Keysight EDA 24 debuted at European Microwave Week in Berlin.

Shift left is an established electrical engineering practice that moves design validation forward in the development cycle to accelerate time-to-market. The rising complexity of electronic systems demands that designers complete as much validation in the virtual domain where it is easier and more cost-effective to correct functional and physical issues.

Implementation of accurate modelling and simulation methodologies that create virtual prototypes and digital twins is essential to handling complexity.

Key to building accurate models and faster simulations is incorporation of actual measurement data into the design and validation process in virtual space.

Keysight EDA 2024 software includes new system and circuit design workflow integration, power amplifier modelling and simulation optimisation, and Satcom design evolution enhancements.

The improvements expand on the software automation, intellectual property and design data management, and simulation acceleration capabilties previously announced.

Powered by Keysight measurement science, the new tools provide engineers with a comprehensive solution that speeds virtual prototype creation with highly accurate validation prior to building physical prototypes and starting volume production manufacturing.

Keysight EDA 2024 software suite offers these shift left updates:

Streamlining System and Circuit Design Workflows

The RF System Explorer integrates system architecture exploration and analysis features from SystemVue into Advanced Design System (ADS) to enable design sharing between system and circuit level workflows. RF System Explorer allocates a hierarchical subsystem and parameters to a circuit designer to change radio frequency (RF) block parameters or select the analysis path without impacting the overall architecture. Circuit designers can incorporate their circuit design or derived behavioural model into the allocated subsystem for RF verification and optimisation.

Connected workflows between SystemVue and ADS enable designers to extract models of the circuit design and simulate them using RF System Explorer.

Streamlined workflows provide more efficient communication between architects and subsystem engineers in enterprise teams.

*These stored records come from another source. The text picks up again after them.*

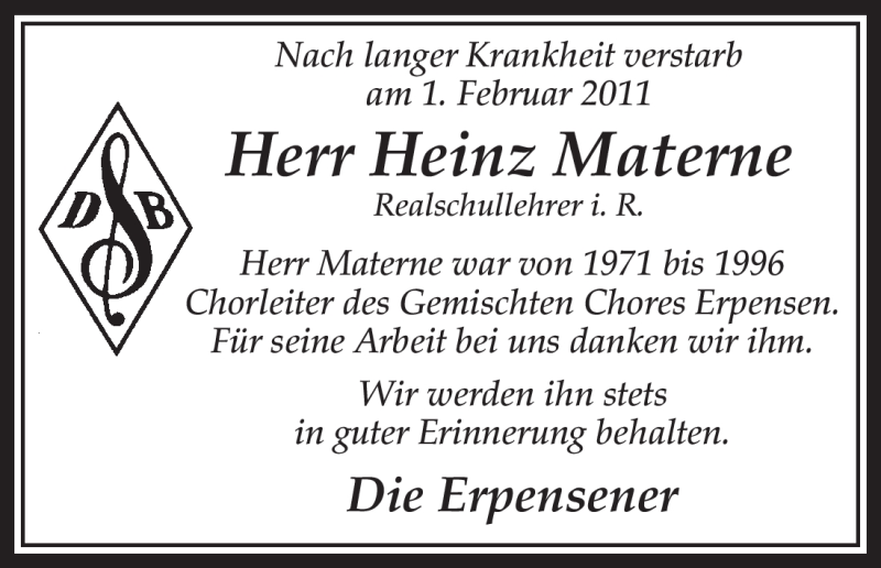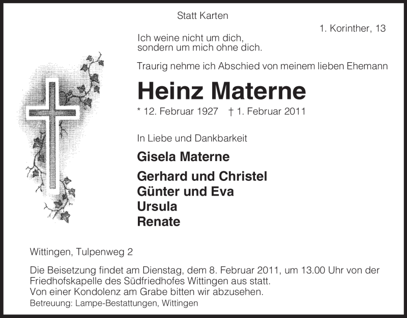 Hier finden Sie alle Traueranzeigen aus der Zeitung, die bisher für Heinz Materne erschienen sind. Weitere Traueranzeigen, die in der Zeitung erscheinen, werden hier ebenfalls aufgelistet
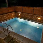 别墅距离最近的公共汽车站仅100米. 客人还在游泳池欢乐畅游.
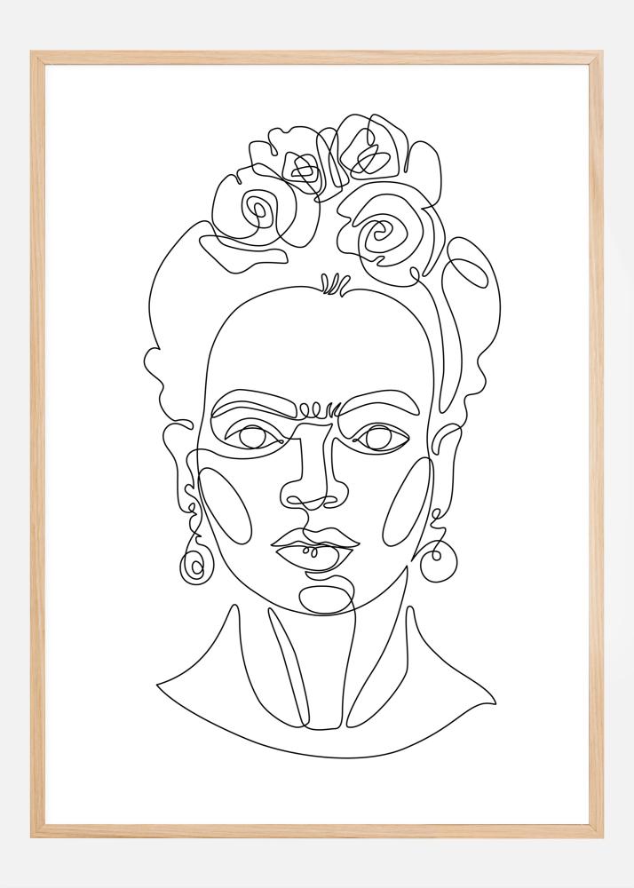 Dieses minimalistische Poster zeigt eine stilvolle Strichzeichnung einer Frauenfigur mit elegantem Aussehen, verziert mit Blumen im Haar und klassischen Ohrringen. Das Kunstwerk ist in einer einzigen, kontinuierlichen Linie gestaltet, die dem traditionellen Porträt eine moderne Note verleiht. Die Farbpalette ist sauber und einfach, beschränkt auf schwarze Linien auf einem weißen Hintergrund, was ein reduziertes Gefühl vermittelt, das gut in ein modernes oder minimalistisches Zuhause passt.

System architects pre-configure their own templates in SystemVue for more effective collaboration with their RF circuit design teammates. Engineering teams also avoid duplication of results visualisation in ADS. The API-based tool integration maintains an open environment with the option for third-party software connectivity.

Optimising Wide Bandgap Power Amplifier Modelling and Simulation

Like RF System Explorer’s workflow integration, the Digital Pre-Distortion (DPD) Explorer and DPD Designer tools optimise power amplifier design methodology across levels of abstraction. These tools enable power amplifier designers working on broadband applications -- including 5G FR2, DVB-S2X, and WLAN – to leverage a new Dynamic Gain Model that accounts for non-linear memory effects in topologies such as GaN Doherty.

Compact waveforms deliver unparalleled simulation speed and DPD optimisation that improves the entire power amplifier design and validation process. DPD Explorer and DPD Designer utilise the same precise measurement science and algorithms found in Keysight’s PNA-X to ensure high performance results for adjacent channel power ratio (ACPR) and error vector magnitude (EVM) metrics.

Evolving Satcom Design for 5GNTN, DVB-S2X, and Phased Array Applications

SystemVue enhancements address 5G non-terrestrial network (NTN), DVB-S2X, and phased array development projects.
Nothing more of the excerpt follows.